Auf die Verwaltungsgerichte könnte eine Klagewelle zukommen

Der Widerstand dürfte beträchtlich sein. Gegen das Projekt waren im Begutachtungsverfahren, das dem endgültigen Gesetzestext und der Befassung im Parlament an diesem Donnerstag vorausging, mehr als 100 000 Stellungsnahmen eingegangen, die allermeisten wütende Einsprüche von Impfgegnern. Auf die Verwaltungsgerichte könnte eine Klagewelle zukommen, das Verfassungsgericht dürfte mit der Impfpflicht befasst werden. Und selbst in den Fraktionen, die dem Projekt grundsätzlich zustimmen, gibt es Abgeordnete, die bereits ein Nein angekündigt haben. Gar nicht zu reden von der rechtspopulistischen FPÖ, die Impfgegner im Land zusätzlich aufhetzt und mit Rechtsradikalen gemeinsame Sache macht.
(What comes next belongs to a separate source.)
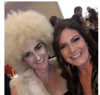
Studio 54 Event

kik and KSPTA contribute vital resources that allow our District to offer students outstanding and innovative learning opportunities well beyond standard public education.
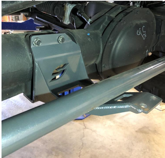
Figure 3. Dual Stabilizer Bracket Indexed on the Differential Housing

Starten soll die Impfpflicht trotz aller Wider- und Einsprüche, trotz aller technischer Probleme nun zum 1. Februar. Theoretisch zumindest. Denn praktisch ist ein Drei-Phasen-Modell angedacht. Erst einmal wird jeder Haushalt schriftlich informiert. Ab Mitte März erst soll im öffentlichen Raum stichprobenartig kontrolliert werden; ab dann können Strafen von bis zu 600 Euro ausgesprochen werden. Erst in einer dritten Phase werde ein Impftermin zugeordnet, wer dann immer noch uneinsichtig sei, bekomme automatisch eine Strafverfügung zugeschickt. Diese dritte Phase müsse aber, so Nehammer, nur eintreten, wenn sich bis dahin nicht genügend Menschen hätten impfen lassen. Man strebe eine Impfquote von 90 Prozent an, wolle aber "flexibel reagieren" können. Derzeit sind etwa 78 Prozent der Österreich ein- oder mehrmals geimpft.
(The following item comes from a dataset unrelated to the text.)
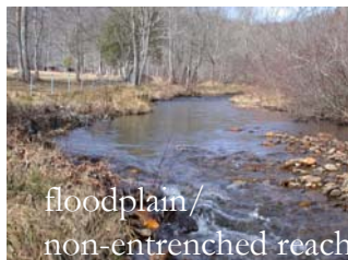
floodplain/ non-entrenched reach

In order for restoration activities to be successful, managers need a good understanding of the dynamics inherent in a particular system. Entrenchment is a morphological condition which results from disequilibrium in aquatic systems due to the disconnection of a channel and its adjacent floodplain. In the Southeast, this is most typically due to land use practices that eroded historic sediment from the hillslopes and caused the channel to aggrade. As the stream incised through this deposited sediment, it became entrenched. These types of streams, although the focus for widespread restoration efforts, have not been quantitatively studied. This study focuses on the dynamics of entrenched stream reaches and how they respond during baseflow and flood conditions in relation to channel morphology, streambed composition, and sediment transport.

Die Impfpflicht soll ab 18 Jahren gelten, Schwangere und Menschen mit medizinischer Indikation sowie Genese in den ersten sechs Monaten nach der Infektion sind ausgenommen. Es soll keine Beugehaft, keine Freiheitsstrafen geben. Nach vier Verwaltungsstrafen pro Jahr ist Schluss. So wolle man laut Verfassungsministerin "Willkür verhindern".
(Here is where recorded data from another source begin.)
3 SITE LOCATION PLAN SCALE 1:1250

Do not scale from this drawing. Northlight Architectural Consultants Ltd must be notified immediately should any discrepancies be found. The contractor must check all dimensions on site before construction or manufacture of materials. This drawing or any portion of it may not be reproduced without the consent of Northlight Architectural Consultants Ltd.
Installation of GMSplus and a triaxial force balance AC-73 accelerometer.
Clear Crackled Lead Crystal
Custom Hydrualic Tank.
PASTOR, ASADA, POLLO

In den österreichischen Medien und unter Experten waren die Reaktionen sehr gemischt. Man könne sich "freikaufen", hieß es, das Modell sei zahnlos. Die renommierte Verfassungsjuristin Irmgard Griss kritisierte, dass es in der Eingangsphase keine Konsequenzen gebe. Sie plädierte für die frühe Zuweisung von Impfterminen und Sanktionen ab 1. April.